[Dataset records — start]

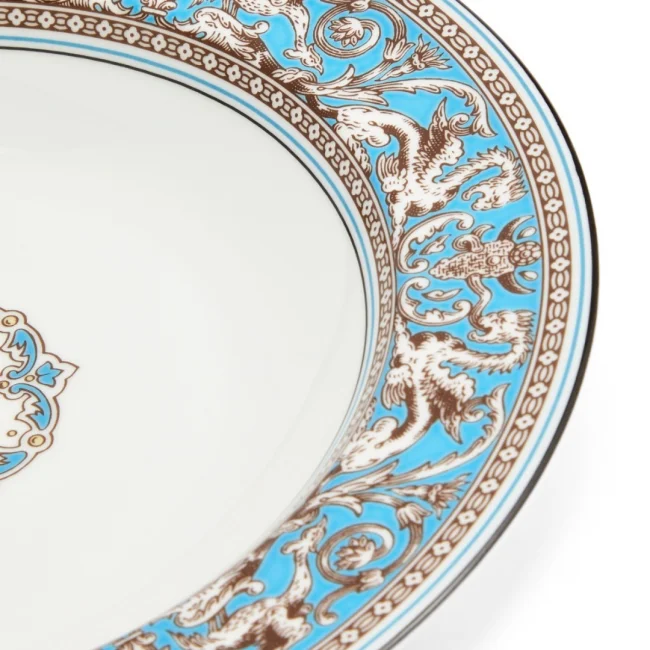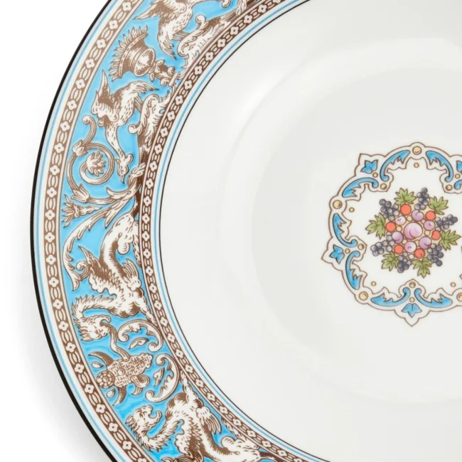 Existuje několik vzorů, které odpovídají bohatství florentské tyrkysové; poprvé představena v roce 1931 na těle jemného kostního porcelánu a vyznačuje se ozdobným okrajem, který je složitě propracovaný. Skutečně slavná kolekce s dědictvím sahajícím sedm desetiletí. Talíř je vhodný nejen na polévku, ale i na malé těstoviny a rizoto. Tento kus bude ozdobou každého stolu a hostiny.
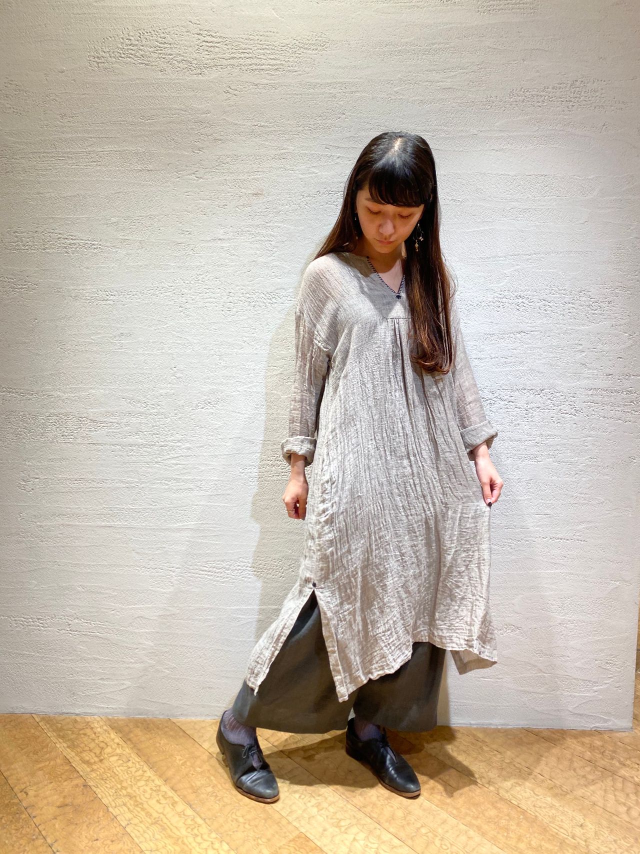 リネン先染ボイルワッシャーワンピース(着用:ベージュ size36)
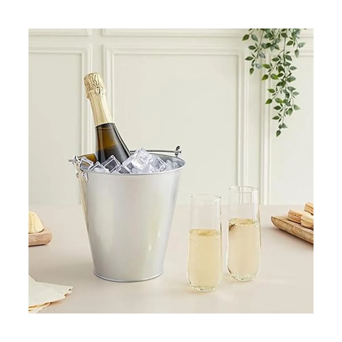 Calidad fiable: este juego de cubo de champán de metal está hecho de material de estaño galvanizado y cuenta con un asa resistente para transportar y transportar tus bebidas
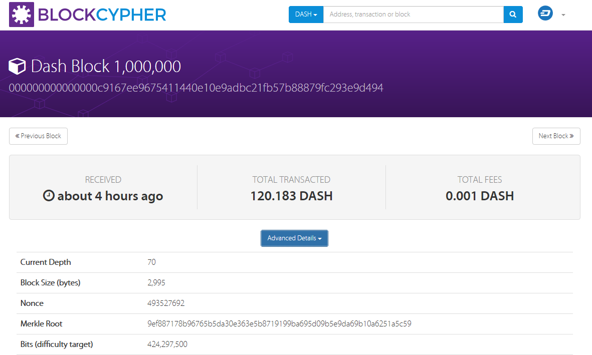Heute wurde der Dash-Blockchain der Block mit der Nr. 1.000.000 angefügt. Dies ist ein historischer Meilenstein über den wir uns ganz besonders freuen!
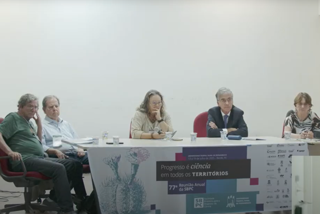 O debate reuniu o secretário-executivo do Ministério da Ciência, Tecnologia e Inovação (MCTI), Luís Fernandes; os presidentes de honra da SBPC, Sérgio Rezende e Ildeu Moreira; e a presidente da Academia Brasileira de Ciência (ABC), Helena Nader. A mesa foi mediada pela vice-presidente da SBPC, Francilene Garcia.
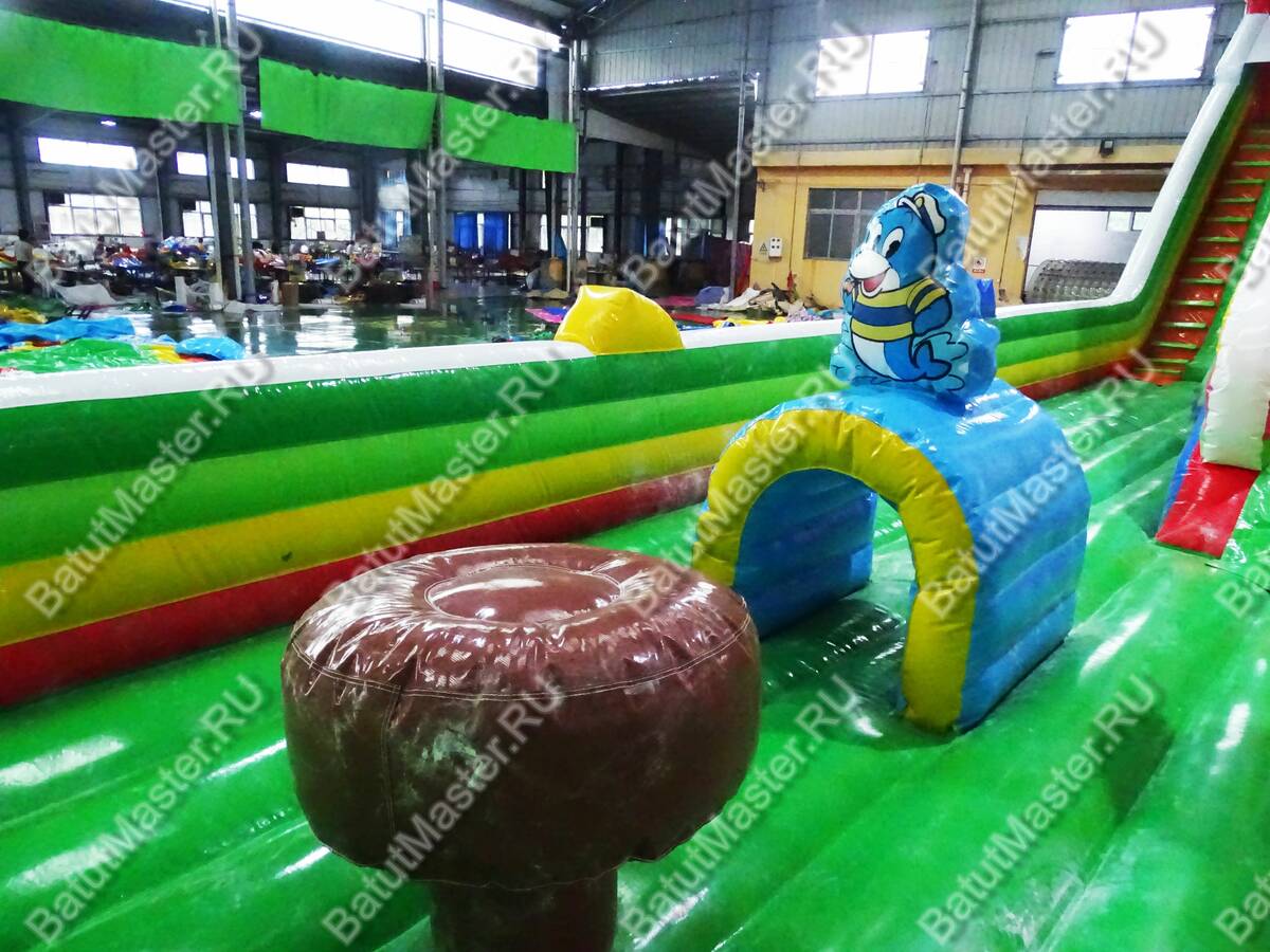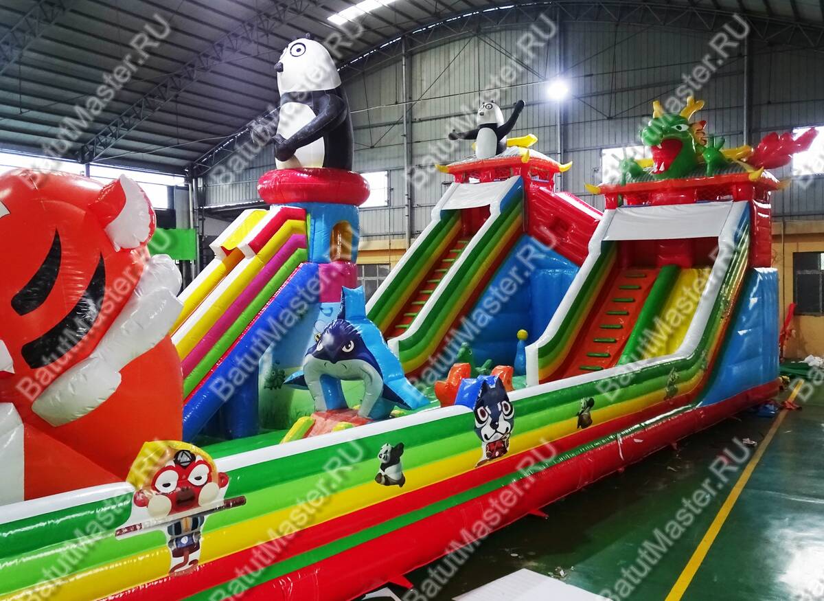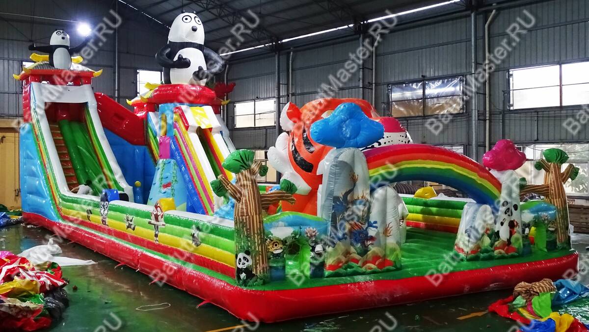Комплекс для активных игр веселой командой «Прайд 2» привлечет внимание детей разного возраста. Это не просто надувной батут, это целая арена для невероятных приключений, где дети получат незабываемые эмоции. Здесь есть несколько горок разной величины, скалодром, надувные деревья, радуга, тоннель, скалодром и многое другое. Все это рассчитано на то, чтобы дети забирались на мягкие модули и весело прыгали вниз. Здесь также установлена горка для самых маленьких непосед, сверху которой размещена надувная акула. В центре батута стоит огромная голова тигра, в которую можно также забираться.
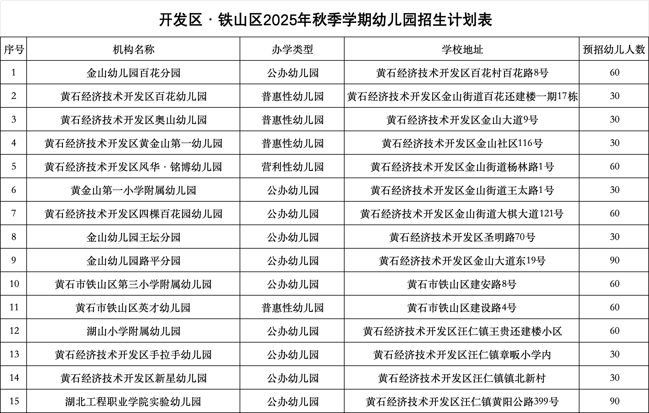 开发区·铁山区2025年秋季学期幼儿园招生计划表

[Dataset records — finish]

What to produce
Skip the pictures, then retype every line above exactly.

Response
 Existuje několik vzorů, které odpovídají bohatství florentské tyrkysové; poprvé představena v roce 1931 na těle jemného kostního porcelánu a vyznačuje se ozdobným okrajem, který je složitě propracovaný. Skutečně slavná kolekce s dědictvím sahajícím sedm desetiletí. Talíř je vhodný nejen na polévku, ale i na malé těstoviny a rizoto. Tento kus bude ozdobou každého stolu a hostiny.
 リネン先染ボイルワッシャーワンピース(着用:ベージュ size36)
 Calidad fiable: este juego de cubo de champán de metal está hecho de material de estaño galvanizado y cuenta con un asa resistente para transportar y transportar tus bebidas
Heute wurde der Dash-Blockchain der Block mit der Nr. 1.000.000 angefügt. Dies ist ein historischer Meilenstein über den wir uns ganz besonders freuen!
 O debate reuniu o secretário-executivo do Ministério da Ciência, Tecnologia e Inovação (MCTI), Luís Fernandes; os presidentes de honra da SBPC, Sérgio Rezende e Ildeu Moreira; e a presidente da Academia Brasileira de Ciência (ABC), Helena Nader. A mesa foi mediada pela vice-presidente da SBPC, Francilene Garcia.
Комплекс для активных игр веселой командой «Прайд 2» привлечет внимание детей разного возраста. Это не просто надувной батут, это целая арена для невероятных приключений, где дети получат незабываемые эмоции. Здесь есть несколько горок разной величины, скалодром, надувные деревья, радуга, тоннель, скалодром и многое другое. Все это рассчитано на то, чтобы дети забирались на мягкие модули и весело прыгали вниз. Здесь также установлена горка для самых маленьких непосед, сверху которой размещена надувная акула. В центре батута стоит огромная голова тигра, в которую можно также забираться.
 开发区·铁山区2025年秋季学期幼儿园招生计划表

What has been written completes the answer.